"Thank you; I get them."
"Well, just as you say. Good luck to you, Mr. Barwig."
"Thank you," said Von Barwig simply. He did not tell Mr. Hatch that he had nearly come to the end of his resources and that he would ride in the day car. Not that he felt ashamed of not being able to afford luxuries, but he instinctively resented making a confidant of a man like the senior partner of the firm of Hatch & Buckley.
As he walked rapidly toward Houston Street he found himself thinking for the first time since his arrival in America of the question of his future, but this question did not occupy his mind long. Like all his ideas on any subject other than that of his lost wife and child, it was forced into the background. As he neared his rooms in Houston Street his hopes began to rise; and the prospect of going to Chicago, the possibility of seeing his wife and child, began to work in his mind. His heart began to beat tumultuously. This time his dream would come true, and in his mind's eye he clasped his little girl tightly to himself and rained kisses on her little upturned face. He even found it in his heart to forgive the mother; after all, she was the mother of his little one, that he could never forget.
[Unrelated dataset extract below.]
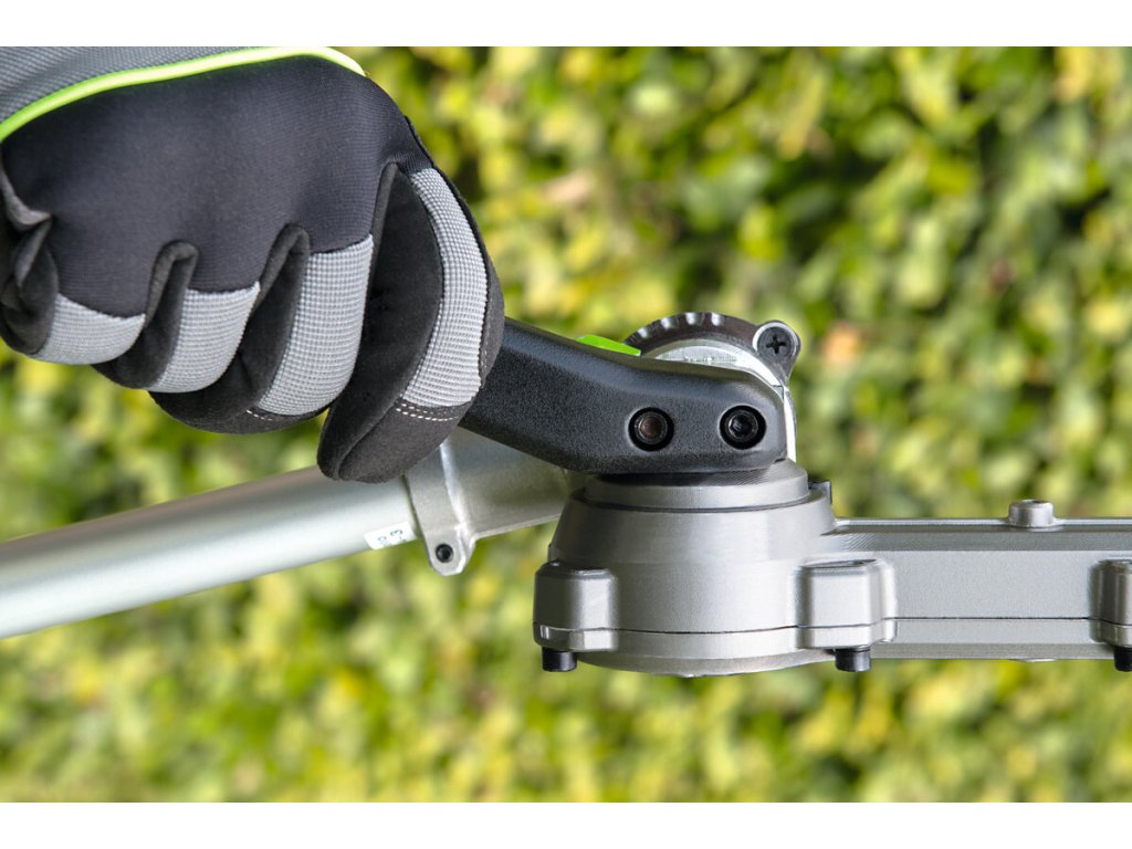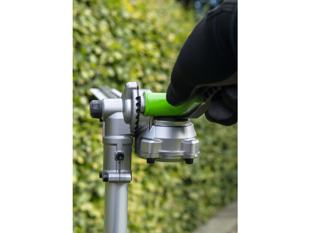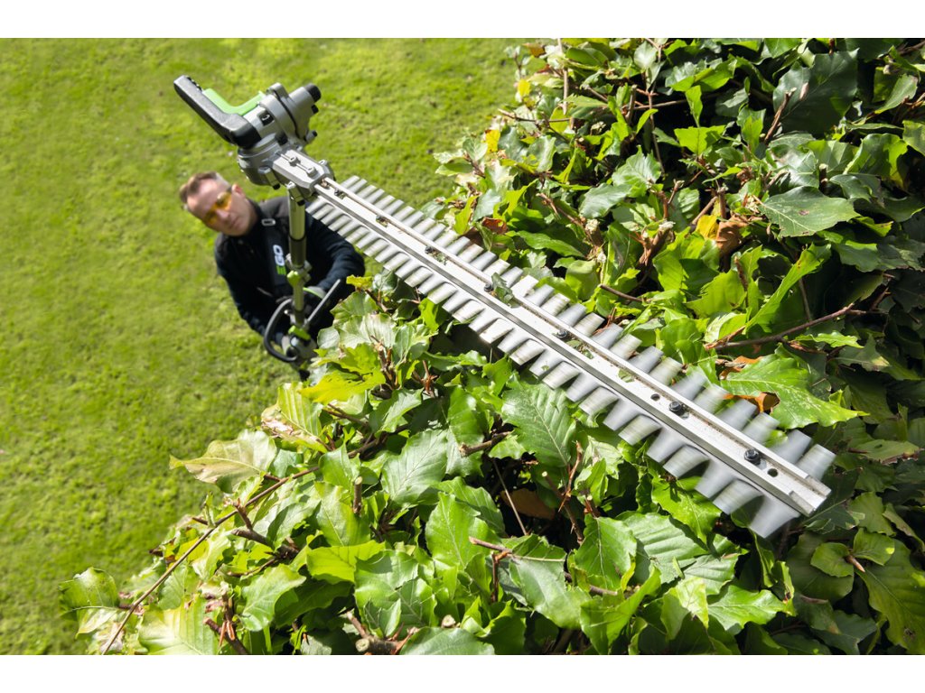 Pro kvalitní úpravu a precizní tvarování vysokých živých plotů a okrasných dřevin v okrasných zahradách, zámeckých parcích ale i doma na zahradě je důležitý čistý a přený střih, kterým rostlinu nepoškodíte, nezraníte a rostlina tak po zastřižení zůstává zdravá a svěží. To lze provádět v bezpečí stabilního postoje na pevné zemi. Proto je zde k dispozici nástavec s nůžkami na živý plot s dlouhým nástavcem a přesnou, 51cm dlouhou oboustrannou lištou, přesně broušenou pomocí diamantového nástroje. Pohodlné manipulaci při práci přispívá rovněž otočný kloub lišty. Úhel sklonu lišty do 12 různých poloh je velmi důležitý, aby se přizpůsobil příslušné práci na konkrétním porostu a usnadnil také uskladnění v malých prostorách. Mimořádně ostré střižné zuby mají rozteč 26mm jsou schopny ustřihnout dřevinu do průměru až 15 mm. Celková délka nástavce je 160cm, ve složeném stavu 99cm. Pohonná jednotka v kombinaci s tímto nástavcem je plnohodnotnými nůžkami na živé ploty s mimořádně velkým dosahem.

As for Ahlmann, he could not picture him; his mind refused to conjure up a thought of the man. It seemed as if he were dead, and that Von Barwig was on his way to rescue the wife and child from some danger that threatened them. This work of rescue was the fulfilment of an ideal. Nothing should be allowed to stand in the way of it! The senior partner of Hatch & Buckley had been quick to note this condition of mind and to reap the profits that came therefrom. Monomania means money, was a business axiom in that gentleman's office, but he had pumped the stream dry and Von Barwig was now at the end of his resources. By some strange process of thought, Von Barwig recognised this fact, but it seemed to him to mean that because his money had come to an end his search had also come to an end. The result of his trip to Chicago could not but be favourable, because he dared not think of its failure. So great is the influence of hope upon imagination that by the time Von Barwig reached his rooms he was already contemplating the possibility of keeping his wife and child there, at least until he could obtain better quarters for them. So, when he opened the door of his room, and found Jenny there polishing the brass andirons, he took more notice than usual of the little girl, and to her intense joy promised to bring her a box of candy from out West, where he told her he was going as he busied himself packing his handbag.
In a few hours Anton Von Barwig, his heart beating high in expectation, was seated in one of the day coaches of a fast Pennsylvania Railroad train on his way to Chicago.